*Exercise aim*. Exactly as written, set down each line of the data below except its pictures.

*Information supplied*.

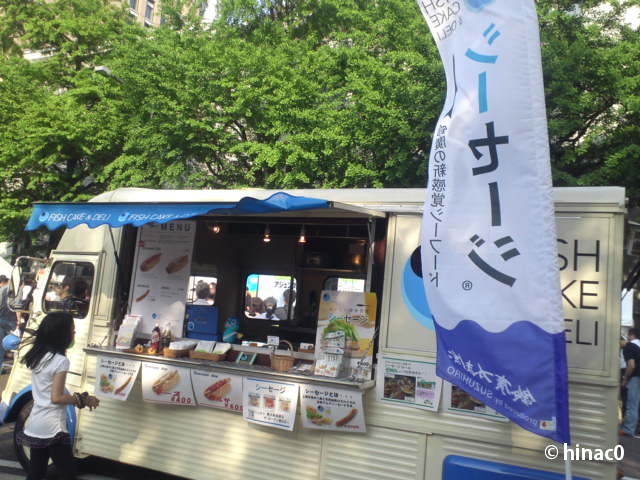 両脇にテントが立てられ、なかなか賑わっています。地産地消を目指すイベントですが、今年は岩手や福島のブースもありました。福島は会津の米や野菜、加工食品が並んでいて、今朝3時に収穫して積んできたと言っていました。岩手も盛岡から夜中にたってきたようで、お疲れさまですと一言。行者にんにくの醤油漬けやリンゴの加工品を売っていましたが、これがだいぶ値が張って。姫たけなんか5本で500円…!いや、関東じゃ滅多に食べられない、おいしい山菜です。田舎が盛岡の人に当たったのが悪かった。ごめんねにーちゃん、私は田舎から送ってもらうよ。。
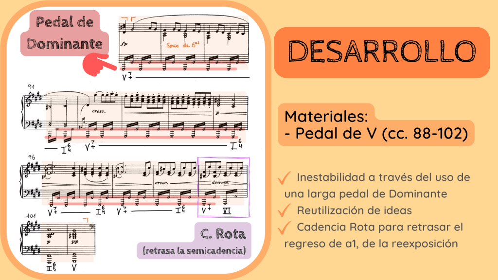 Y llegamos así al habitual último fragmento del desarrollo que contiene una larga pedal de dominante. Aquí se recupera la idea de utilizar la serie de sextas que como veis aparece primeramente a blancas en los cc. 88-91 y luego se acelera a corcheas en los cc. 93-94 dando así una sensación de aceleramiento. A partir de ahí la armonía se alterna entre un I en sexta y cuarta cadencial con dominante para llevarnos, otra vez de forma sorpresiva, a la cadencia Rota del c. 100 que está para provocar la misma sensación que había ocurrido antes, la de sorprender y así retrasar lo inevitable, que en este caso es la aparición de la semicadencia del c. 102 que dará paso al tema a1 y la reexposición.
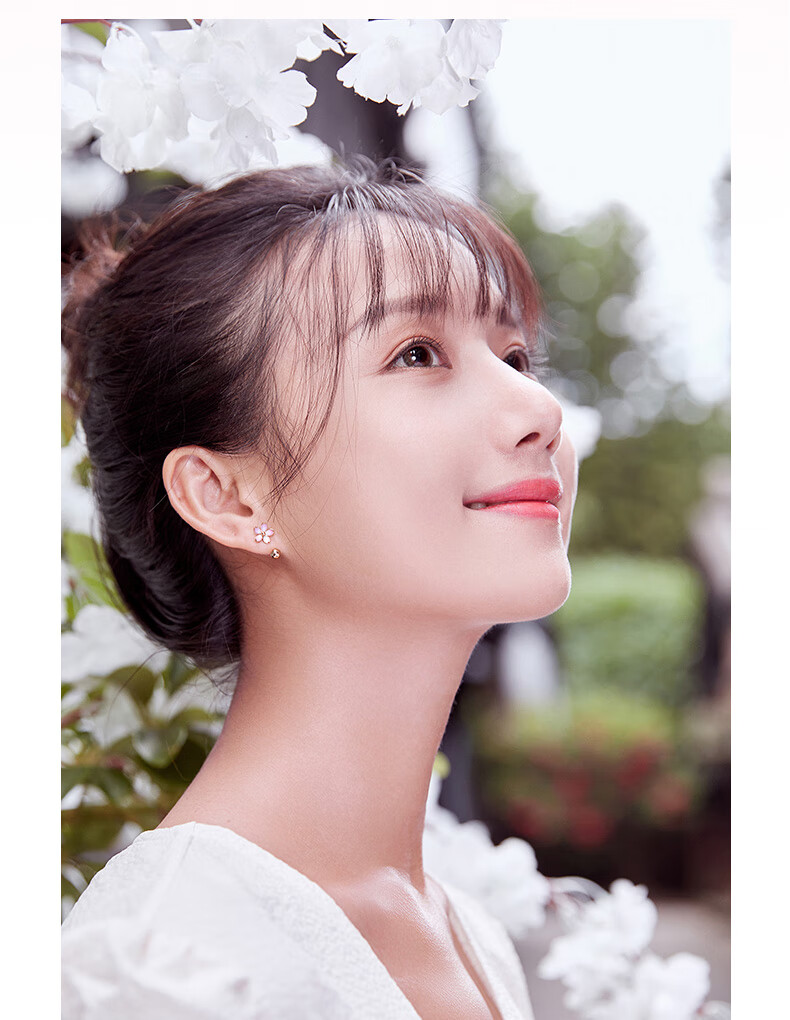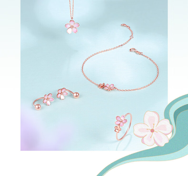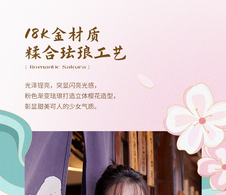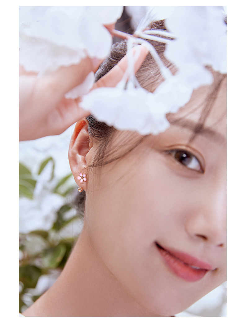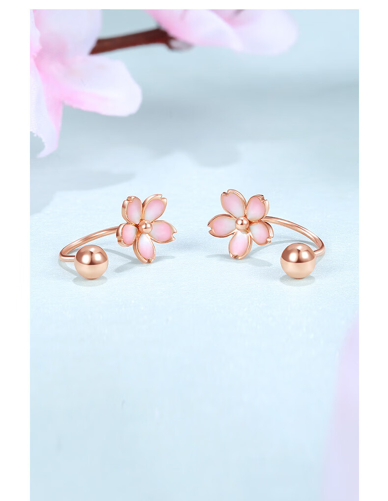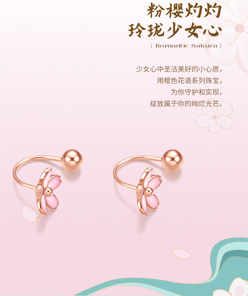 Saturday Fortune (ZLF) Sakura Drunken Series 18K Gold Earrings Women's Sakura Ear Hook Rose Gold Earrings Ready Stock

*Solution to the exercise*.
 両脇にテントが立てられ、なかなか賑わっています。地産地消を目指すイベントですが、今年は岩手や福島のブースもありました。福島は会津の米や野菜、加工食品が並んでいて、今朝3時に収穫して積んできたと言っていました。岩手も盛岡から夜中にたってきたようで、お疲れさまですと一言。行者にんにくの醤油漬けやリンゴの加工品を売っていましたが、これがだいぶ値が張って。姫たけなんか5本で500円…!いや、関東じゃ滅多に食べられない、おいしい山菜です。田舎が盛岡の人に当たったのが悪かった。ごめんねにーちゃん、私は田舎から送ってもらうよ。。
 Y llegamos así al habitual último fragmento del desarrollo que contiene una larga pedal de dominante. Aquí se recupera la idea de utilizar la serie de sextas que como veis aparece primeramente a blancas en los cc. 88-91 y luego se acelera a corcheas en los cc. 93-94 dando así una sensación de aceleramiento. A partir de ahí la armonía se alterna entre un I en sexta y cuarta cadencial con dominante para llevarnos, otra vez de forma sorpresiva, a la cadencia Rota del c. 100 que está para provocar la misma sensación que había ocurrido antes, la de sorprender y así retrasar lo inevitable, que en este caso es la aparición de la semicadencia del c. 102 que dará paso al tema a1 y la reexposición.
 Saturday Fortune (ZLF) Sakura Drunken Series 18K Gold Earrings Women's Sakura Ear Hook Rose Gold Earrings Ready Stock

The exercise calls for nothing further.